#### Task details:
Images do not belong in the copy. Set down all the entries exactly.

(Stored data entries)
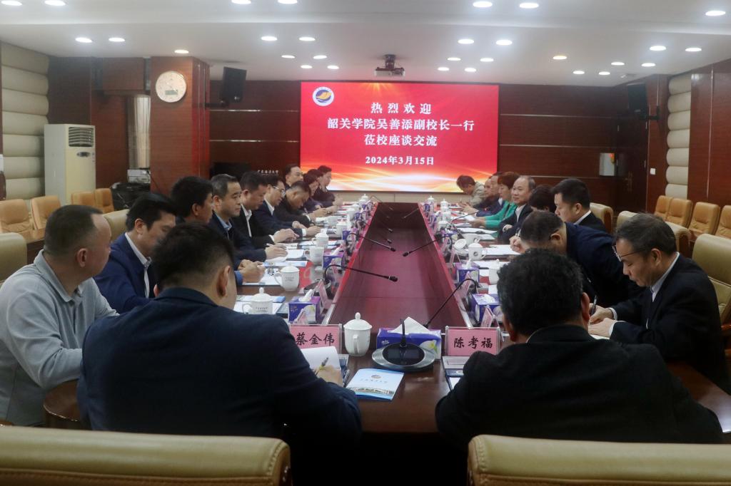 吴善添简要介绍了韶关学院后勤工作情况,并指出,此次到访的目的是学习交流,促进两校在基建后勤、财务审计等方面的高质量发展。
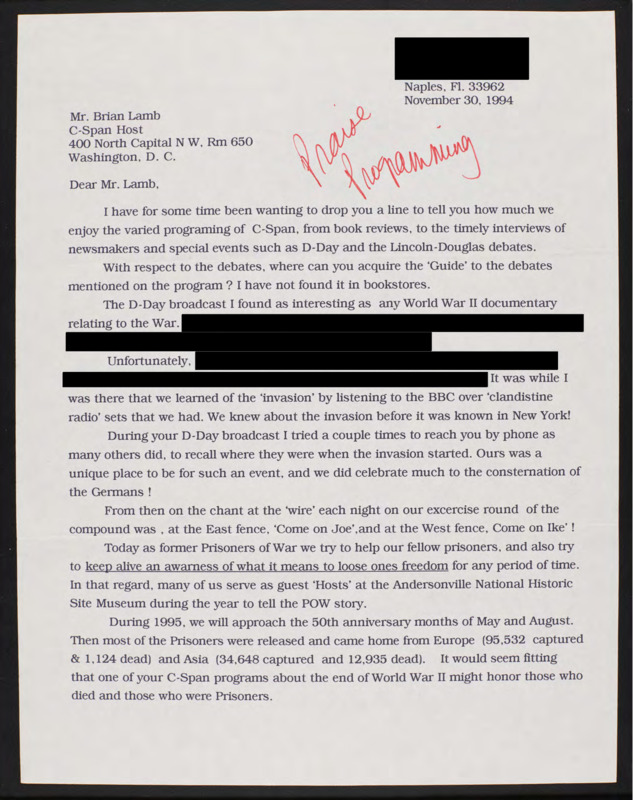 Letter to C-SPAN, 1994-11-30; 33962
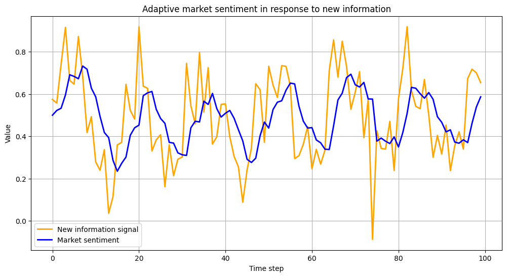 While it is impossible to capture all facets of market adaptation in one equation, a simplified model can illustrate the concept. Consider the following discrete-time update rule that models the adjustment of market sentiment in response to a trading signal:
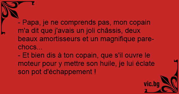 Une fille va voir son père et lui demande : - Papa, je n'ai pas compris, mon copain m'a dis que j'avais châssis, deux beaux amortisseurs et un magnifique pare-chocs. Qu'est-ce que ça veut dire ?...
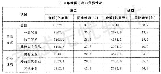 2010年,我国进出口贸易总额为29727. 6亿美元,同比增长34. 7%。 2010年,我国机电产品出口 9334. 3亿美元,同比增加30.9%;高新技术产品出口 4924.1 亿美元,同比增长30. 7%。船舶、汽车零部件出口保持较快增长,其中船舶出口同比增长 44.5%,汽车零部件出口同比增长44. 1 %。
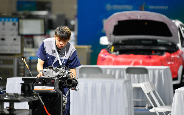 在天津舉行的首屆世界職業(yè)院校技能大賽上,參賽選手在進(jìn)行發(fā)動(dòng)機(jī)拆卸維護(hù)展演。

#### Response area:
 吴善添简要介绍了韶关学院后勤工作情况,并指出,此次到访的目的是学习交流,促进两校在基建后勤、财务审计等方面的高质量发展。
 Letter to C-SPAN, 1994-11-30; 33962
 While it is impossible to capture all facets of market adaptation in one equation, a simplified model can illustrate the concept. Consider the following discrete-time update rule that models the adjustment of market sentiment in response to a trading signal:
 Une fille va voir son père et lui demande : - Papa, je n'ai pas compris, mon copain m'a dis que j'avais châssis, deux beaux amortisseurs et un magnifique pare-chocs. Qu'est-ce que ça veut dire ?...
 2010年,我国进出口贸易总额为29727. 6亿美元,同比增长34. 7%。 2010年,我国机电产品出口 9334. 3亿美元,同比增加30.9%;高新技术产品出口 4924.1 亿美元,同比增长30. 7%。船舶、汽车零部件出口保持较快增长,其中船舶出口同比增长 44.5%,汽车零部件出口同比增长44. 1 %。
 在天津舉行的首屆世界職業(yè)院校技能大賽上,參賽選手在進(jìn)行發(fā)動(dòng)機(jī)拆卸維護(hù)展演。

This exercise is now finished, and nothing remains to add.